More important than these considerations is the vital bearing of the oral admissions upon the only substantial issue the jury was required to resolve in reaching its ultimate decision. Lopez' judicial admission that he had struck Officer Harvey left only the issue of whether he acted in justifiable self-defense in responding to the use or threat of use of excessive force by the officer. If the jury believed that the testimony relating Lopez' aggressive and belligerent words immediately before the incident was true, resolution of this issue against Lopez was, for all practical purposes, a foregone conclusion. Yet the jury was not told, as the law requires the special manner in which it was to view and evaluate this testimony. Where a defendant's admissions are vitally important evidence in the case, it is likewise vitally important that the jury be guided as to the manner in which it is to view and evaluate that evidence (People v. Deloney, 41 Cal.2d 832, 840, 264 P.2d 532; see also People v.

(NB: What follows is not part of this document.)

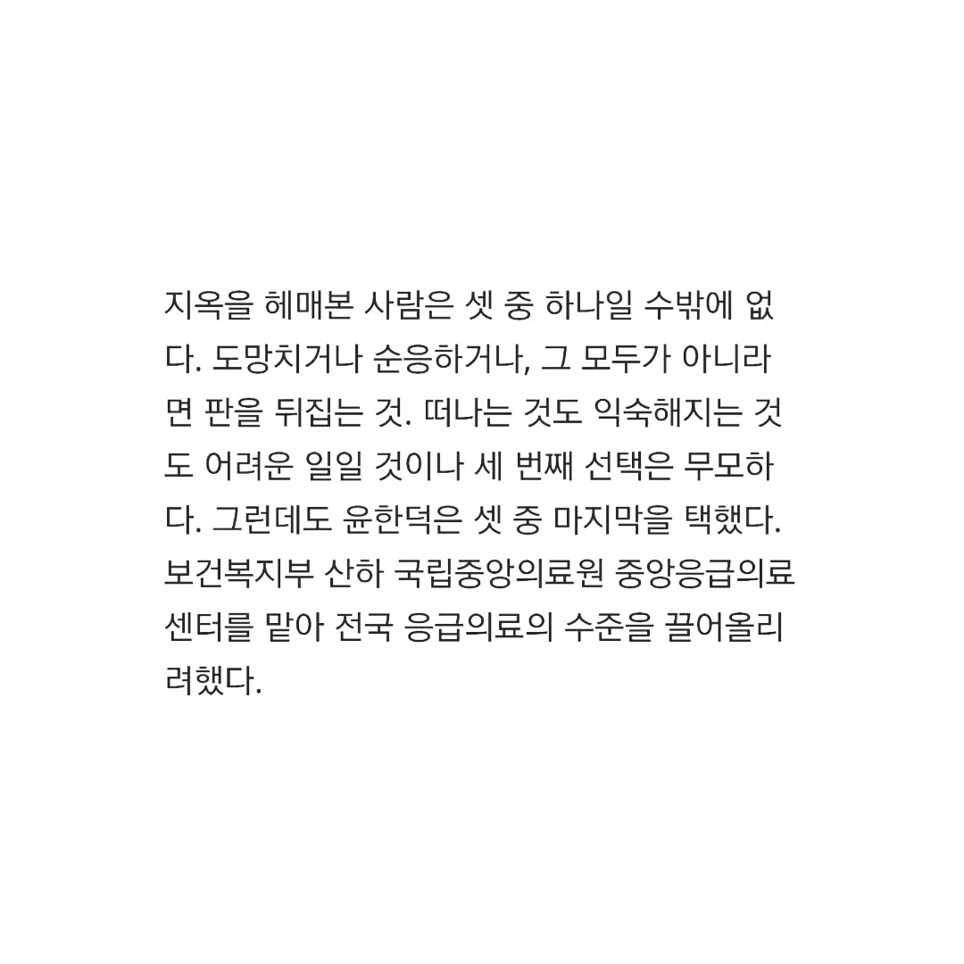 지옥을 헤매본 사람은 셋 중 하나일 수밖에 없다. 도망치거나 순응하거나, 그 모두가 아니라면 판을 뒤집는 것. 떠나는 것도 익숙해지는 것도 어려운 일일 것이나 세 번째 선택은 무모하다. 그런데도 윤한덕은 셋 중 마지막을 택했다.

Ford, Supra, 60 Cal.2d 772, 800, 36 Cal.Rptr. 620, 388 P.2d 892). In this state of the record, we cannot say that a different verdict would have been improbable had the cautionary instructions been given (People v. Watson, Supra, 46 Cal.2d 818, 836, 299 P.2d 243).

It was also error for the court to refuse the following requested instruction:

‘In the crimes charged in Count I—IV and in the lesser included offense of obstructing a police officer in the discharge of his duties, the people have the burden of proving beyond a reasonable doubt that at the time of the alleged offense, the peace officer was engaged in the performance of his duties.’

In view of our previous holding we need not decide whether the failure to give the instruction was prejudicial. The instruction is a correct statement of the law, deals with a specific element of the crimes involved, and should be given when the case is retried. (See People v. Whitehorn, 60 Cal.2d 256, 265, 32 Cal.Rptr. 199, 383 P.2d 783; People v. Kane, 27 Cal.2d 693, 698—702, 166 P.2d 285.)

Lopez also correctly contends he cannot be properly convicted of both assault and battery on Officer Harvey. Every battery includes an assault and is, in fact, a consummated assault. (People v. Heise, 217 Cal. 671, 673, 20 P.2d 317; 1 Witkin, Cal. Crimes, s 255, p. 241.) Assault is a necessarily included offense in battery and the jury should have been instructed that it could convict Lopez of either of the two offenses charged, but not both. (People v. Toliver, 270 Cal.App.2d 492, 498, 75 Cal.Rptr. 819.) Such an instruction should be given when the case is retried.

The judgment is reversed.


1.  In response to questions on direct examination, all three officers testified Jose Lopez made these statements.

2.  We attach no significance to the fact the cautionary instructions were requested by the People and not by the defendant. Cautionary instructions, when called for by the evidence, must be given even without a request. (People v. Ford, Supra, 60 Cal.2d 772, 799, 36 Cal.Rptr. 620, 388 P.2d 892.) The requested instructions read: ‘A statement made by a defendant other than at his trial may be an admission.‘An admission is a statement by a defendant, which by itself is not sufficient to warrant an inference of guilty, but which tends to prove guilt when considered with the rest of the evidence.‘You are the exclusive judges as to whether an admission was made by the defendant and if the statement is true in whole or in part. If you should find that such statement is entirely untrue, you must reject it. If you find it is true in part, you may consider that part which you find to be true.‘Evidence of an oral admission of the defendant ought to be viewed with caution.’

AULT, Associate Justice.

GERALD BROWN, P.J., and WHELAN,* J., Assigned, concur.